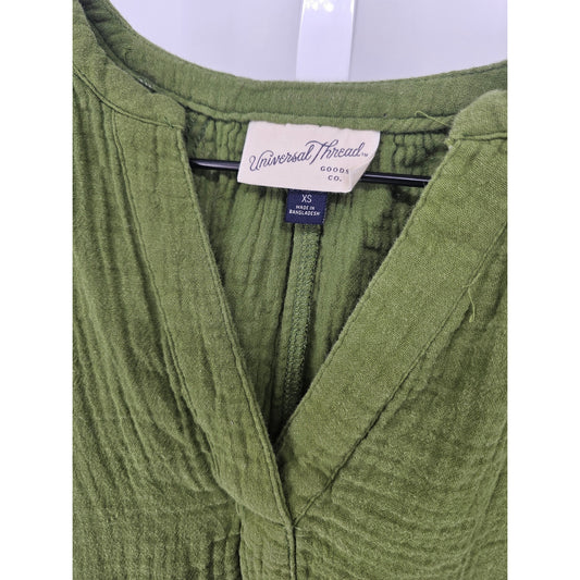 Universal Threads Womens Sz XS Knee Length Green Dress Gauzy Short Sleeve
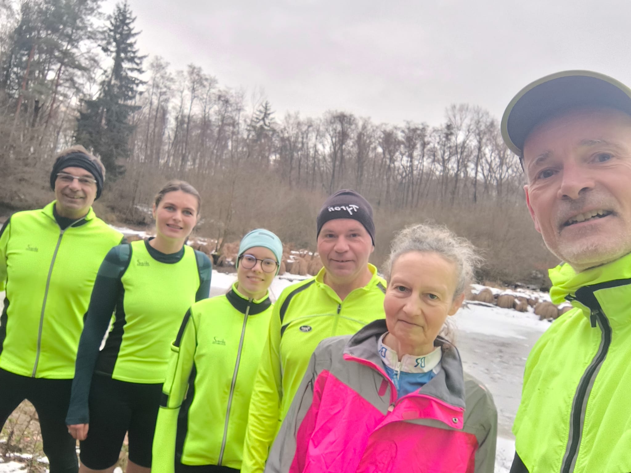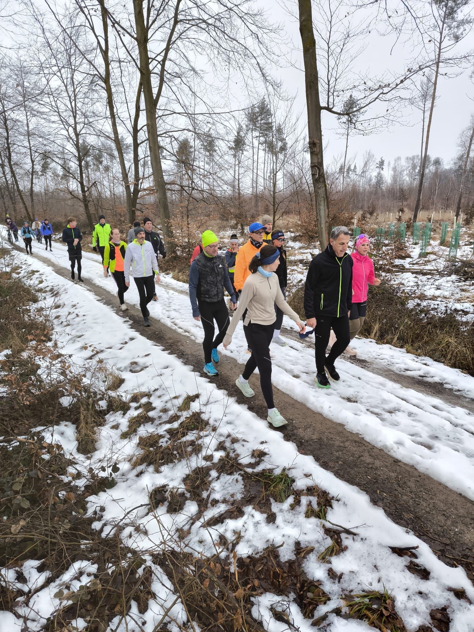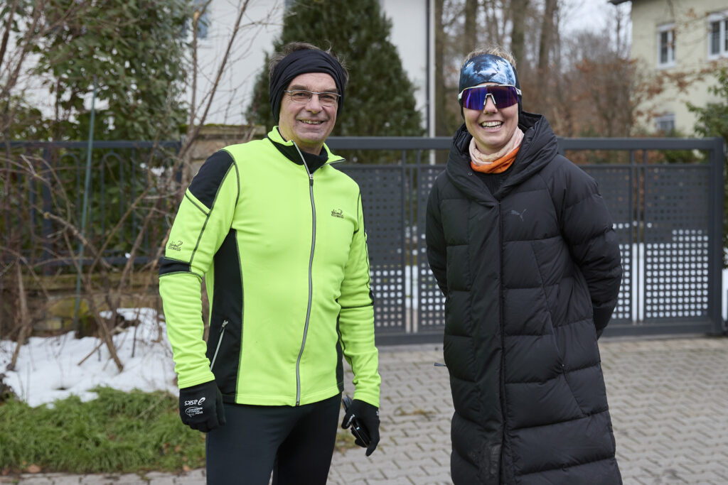 Am nächsten Morgen war dann Treffpunkt in der Tannenstraße für den 246. Marathon. Weil Sonntag war, hatten wohl sehr viele aus der Region und von weiter weg Lust und Zeit Joyce zu begleiten. Auch 7 Tapfere vom SC Steinberg waren dabei. Als Joyce und ihr Partner pünktlich um 9:00 Uhr eintrafen, waren sie von der Resonanz sichtlich überrascht. Ihr Partner, den sie kokettierend stets als Praktikant bezeichnet, übernahm etwas apathisch die Einweisung des Teilnehmerkreises. Auch wenn Joyce die Anwesenheit unseres Bürgermeisters wenig Bedeutung schenkte, übernahm er souverän die Begrüßung und die Verabschiedung der Läufer.
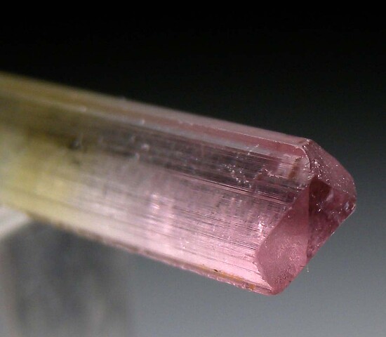 Doubly-terminated pink and green Tourmaline crystal from the Himalaya Mine in California. The Tourmaline is undamaged and transparent. Weighs 2.34 grams. Ex. Dr. Steven Morehead, Don Zowader collections.
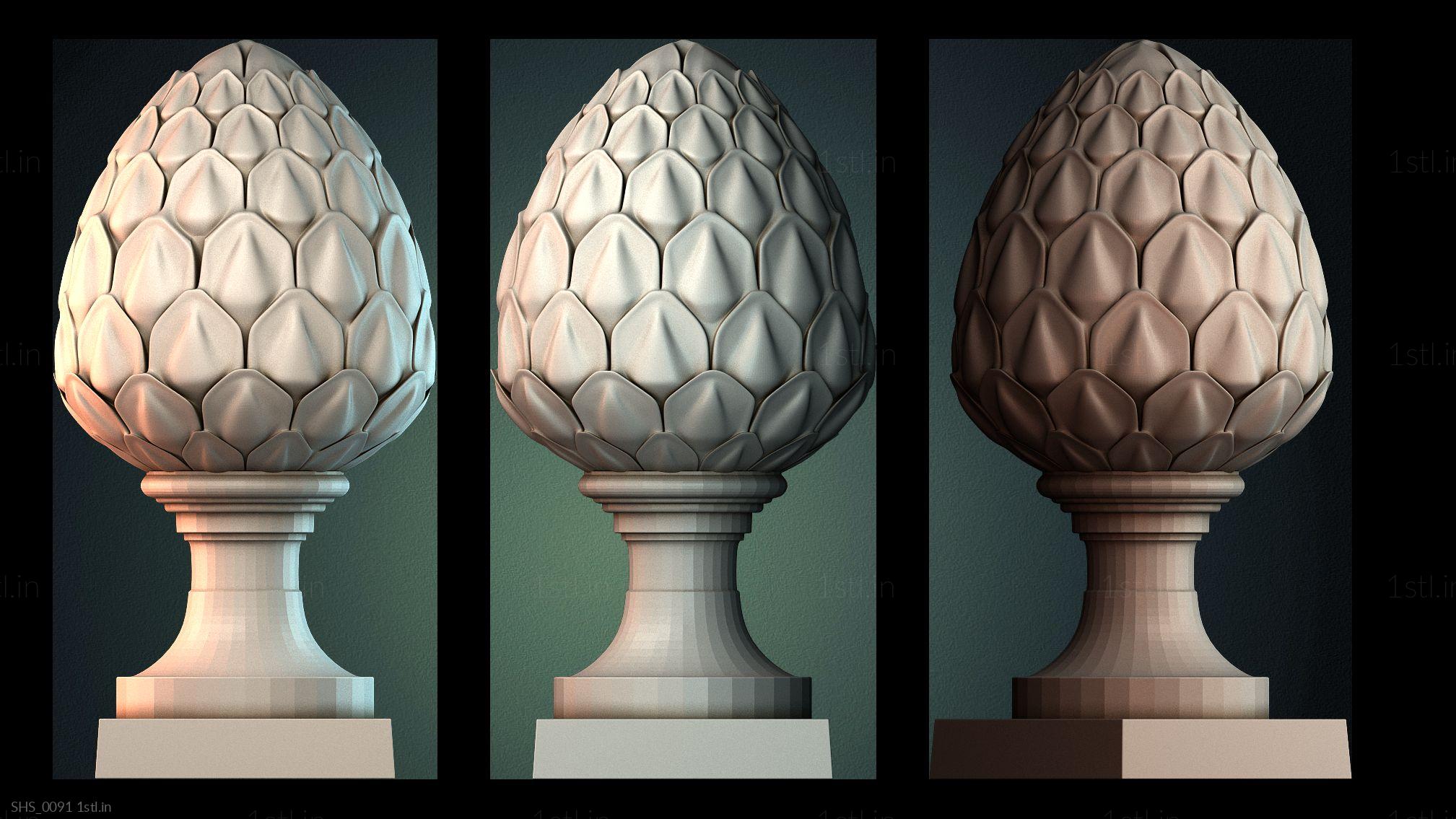 3D STL MODEL FOR CNC Finial SHS_0022 3d stl model of round decor, cones/pommels for a post
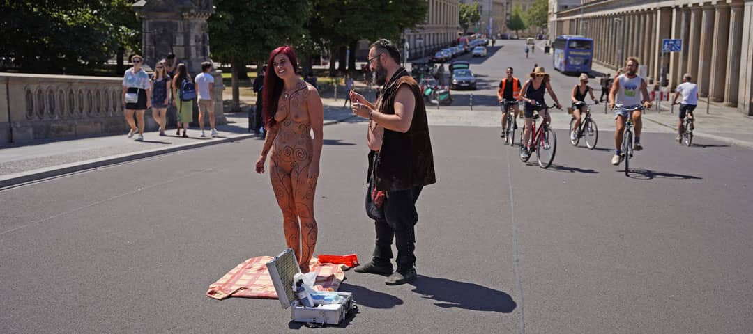 Wir starteten die zweite Serie etwas unterhalb vom Präsidentenpalast damit wir nicht gleich der Polizei in die Arme laufen. Dort waren aber so viele Passanten, da hätte uns die Polizei wahrscheinlich eh nicht gesehen. Kaum war MonaLee nackt, kam eine Gruppe Segwayfahrer vorbei und jeder wollte mit MonaLee ein Foto machen. Wie man auf den Fotos sehen kann hatten wir jede Menge Spass! Sogar die Polizei ist mit einem Motorrad an uns vorbei gefahren; aber auch die fand das wohl toll denn es kam nur ein kurzes Lachen und schon war sie wieder weg. Wir liefen dann noch ein paar Meter weiter und hörten dann auf um noch an einem anderen Ort Aufnahmen zu machen.
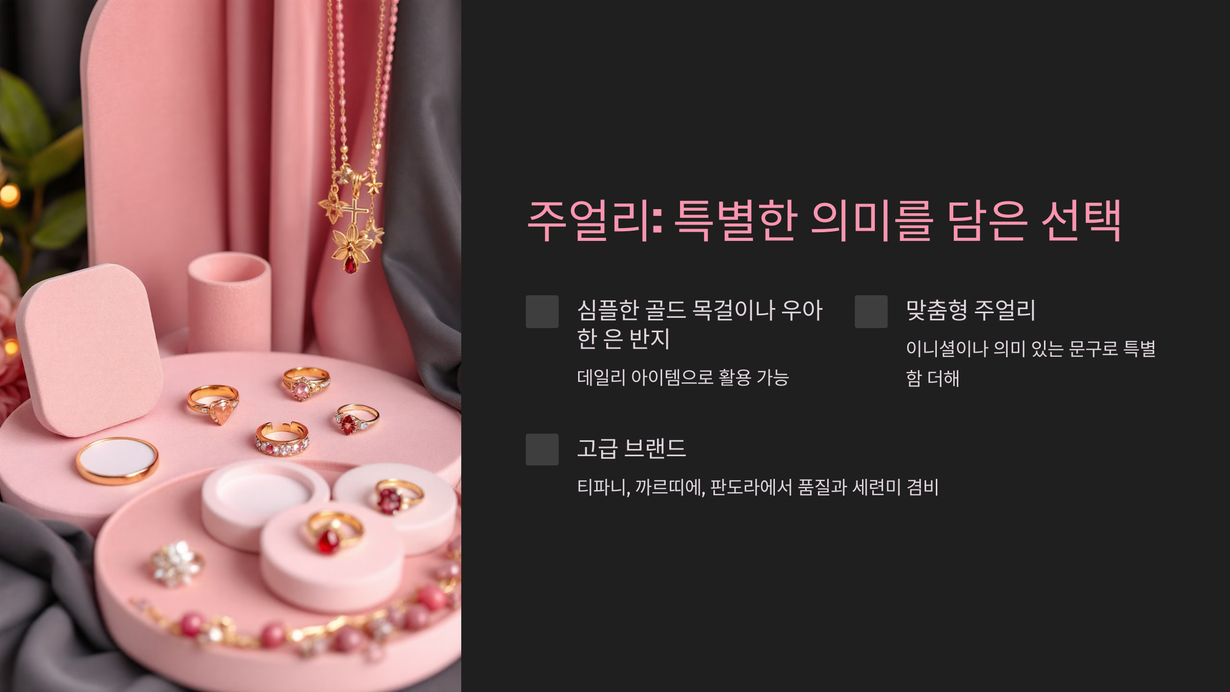 - 심플한 골드 목걸이나 우아한 은 반지는 어떤 스타일에도 잘 어울리며, 데일리 아이템으로도 부담 없이 활용할 수 있습니다.
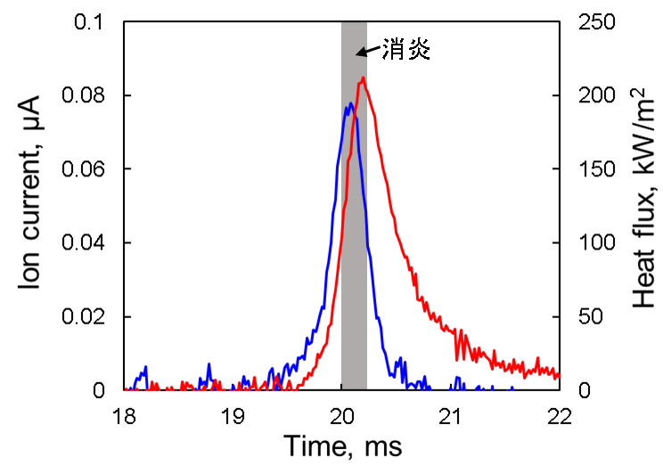 次に、火炎-壁面間距離とイオン電流および熱流束の関係をまとめたものを図4に示す。ハイスピードカメラによる撮影画像をもとに判断すると、今回の測定条件では火炎-壁面間距離が500 µm程度になるとイオン電流および熱流束が上昇を始める結果となった。その後、火炎は壁面まで280 µm程度まで接近し、それに伴いイオン電流および熱流束も増加している。この様に火炎接近から消炎に至るまでのイオン電流と熱流束の時系列変化を同時に取得することができ、火炎の接近によりイオン電流と熱流束が変化することから、検証段階ではあるが、壁面近傍での火炎の挙動を可視化なしで推定し、火炎の挙動と熱流束の関係を調べることが出来る可能性が示された。

## EXERCISE
Whatever pictures the entries contain, omit them, and write the rest out exactly.

## SOLUTION TO THIS TASK
 Universal Threads Womens Sz XS Knee Length Green Dress Gauzy Short Sleeve
 Am nächsten Morgen war dann Treffpunkt in der Tannenstraße für den 246. Marathon. Weil Sonntag war, hatten wohl sehr viele aus der Region und von weiter weg Lust und Zeit Joyce zu begleiten. Auch 7 Tapfere vom SC Steinberg waren dabei. Als Joyce und ihr Partner pünktlich um 9:00 Uhr eintrafen, waren sie von der Resonanz sichtlich überrascht. Ihr Partner, den sie kokettierend stets als Praktikant bezeichnet, übernahm etwas apathisch die Einweisung des Teilnehmerkreises. Auch wenn Joyce die Anwesenheit unseres Bürgermeisters wenig Bedeutung schenkte, übernahm er souverän die Begrüßung und die Verabschiedung der Läufer.
 Doubly-terminated pink and green Tourmaline crystal from the Himalaya Mine in California. The Tourmaline is undamaged and transparent. Weighs 2.34 grams. Ex. Dr. Steven Morehead, Don Zowader collections.
 3D STL MODEL FOR CNC Finial SHS_0022 3d stl model of round decor, cones/pommels for a post
 Wir starteten die zweite Serie etwas unterhalb vom Präsidentenpalast damit wir nicht gleich der Polizei in die Arme laufen. Dort waren aber so viele Passanten, da hätte uns die Polizei wahrscheinlich eh nicht gesehen. Kaum war MonaLee nackt, kam eine Gruppe Segwayfahrer vorbei und jeder wollte mit MonaLee ein Foto machen. Wie man auf den Fotos sehen kann hatten wir jede Menge Spass! Sogar die Polizei ist mit einem Motorrad an uns vorbei gefahren; aber auch die fand das wohl toll denn es kam nur ein kurzes Lachen und schon war sie wieder weg. Wir liefen dann noch ein paar Meter weiter und hörten dann auf um noch an einem anderen Ort Aufnahmen zu machen.
 - 심플한 골드 목걸이나 우아한 은 반지는 어떤 스타일에도 잘 어울리며, 데일리 아이템으로도 부담 없이 활용할 수 있습니다.
 次に、火炎-壁面間距離とイオン電流および熱流束の関係をまとめたものを図4に示す。ハイスピードカメラによる撮影画像をもとに判断すると、今回の測定条件では火炎-壁面間距離が500 µm程度になるとイオン電流および熱流束が上昇を始める結果となった。その後、火炎は壁面まで280 µm程度まで接近し、それに伴いイオン電流および熱流束も増加している。この様に火炎接近から消炎に至るまでのイオン電流と熱流束の時系列変化を同時に取得することができ、火炎の接近によりイオン電流と熱流束が変化することから、検証段階ではあるが、壁面近傍での火炎の挙動を可視化なしで推定し、火炎の挙動と熱流束の関係を調べることが出来る可能性が示された。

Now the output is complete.